Run a fake‑door or micro‑MVP that measures a real action (click, signup, pre‑order) within two weeks. If you get measurable demand above your threshold, build the smallest product to capture that behavior; if not, ship a safe workaround or shelve the idea.
How do I choose the right metric for the matrix?
Pick one primary metric tied to value: willingness to pay, conversion to next step, or repeat use. The metric must be measurable within the experiment window (typically 1–4 weeks) and have a pre‑defined threshold for deciding Build vs. Ship vs. Kill.
Can fake‑door tests damage customer trust?
Yes if used carelessly. Avoid placing fake doors inside production UIs for existing customers, always be transparent on follow‑up, and never charge for a non‑existent core feature without explicit pre‑order terms. Designed responsibly, fake doors are low‑risk and high‑signal.

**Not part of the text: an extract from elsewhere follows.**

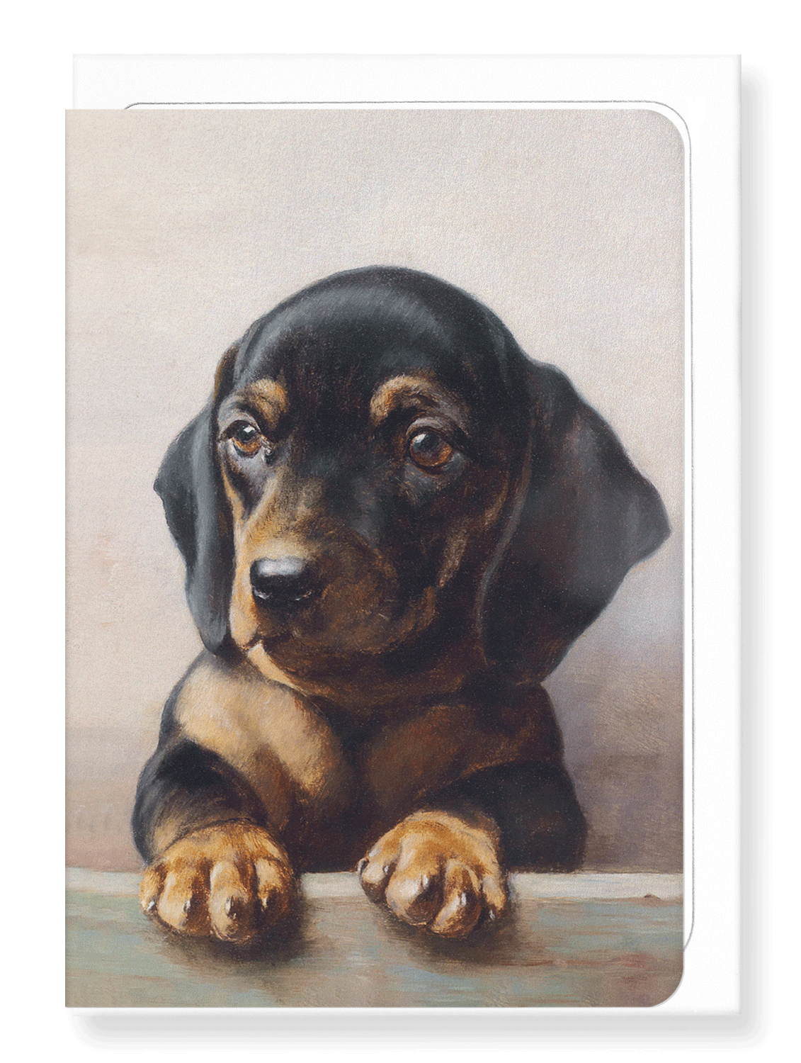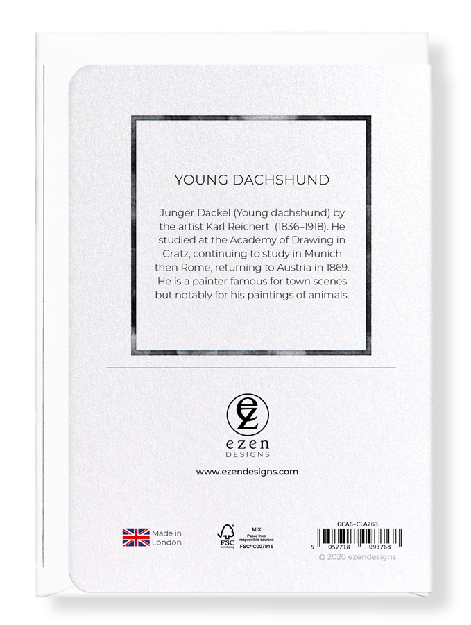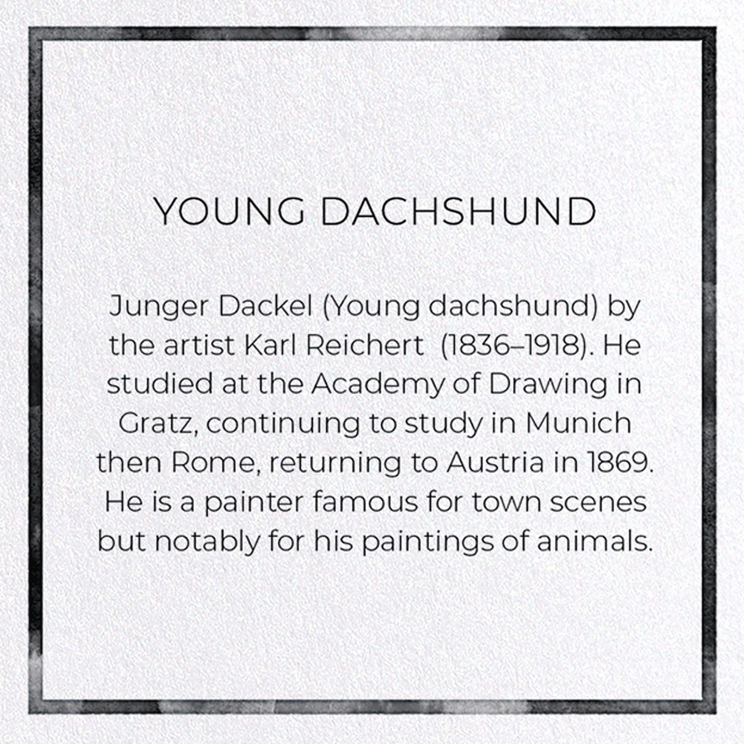 Junger Dackel (Young dachshund) by the artist Karl Reichert (1836–1918). He studied at the Academy of Drawing in Gratz, continuing to study in Munich then Rome, returning to Austria in 1869. He is a painter famous for town scenes but notably for his paintings of animals.

What team size or stage is this matrix for?
This framework is optimized for seed to Series A startups and small product teams (1–10 people) who need fast, evidence‑based tradeoff decisions. Larger enterprises can adapt the questions but should add procurement and compliance checks.
Sources
Research used in this article
Each generated article keeps its own linked source list so the underlying reporting is visible and easy to verify.
Referenced source
Pretotype It — The Fake Door and Pretotyping Methods
https://www.pretotyping.org/
Chameleon
Fake Door Testing - How it Works, Benefits & Risks
https://www.chameleon.io/blog/fake-door-testing
ThoughtWorks
A strategic framework for build vs. buy (ThoughtWorks)
https://www.thoughtworks.com/content/dam/thoughtworks/documents/e-book/tw_ebook_build_vs_buy_2022.pdf
Future Foundry
Why everyone gets fake door tests wrong
https://www.future-foundry.io/blog/why-everyone-gets-fake-door-tests-wrong
LaunchingNext
Fake Door Test: A Guide to Quickly Validating Ideas
https://www.launchingnext.com/blog/fake-door-test/
Next step
Turn the idea into a build-ready plan.
AppWispr takes the research and packages it into a product brief, mockups, screenshots, and launch copy you can use right away.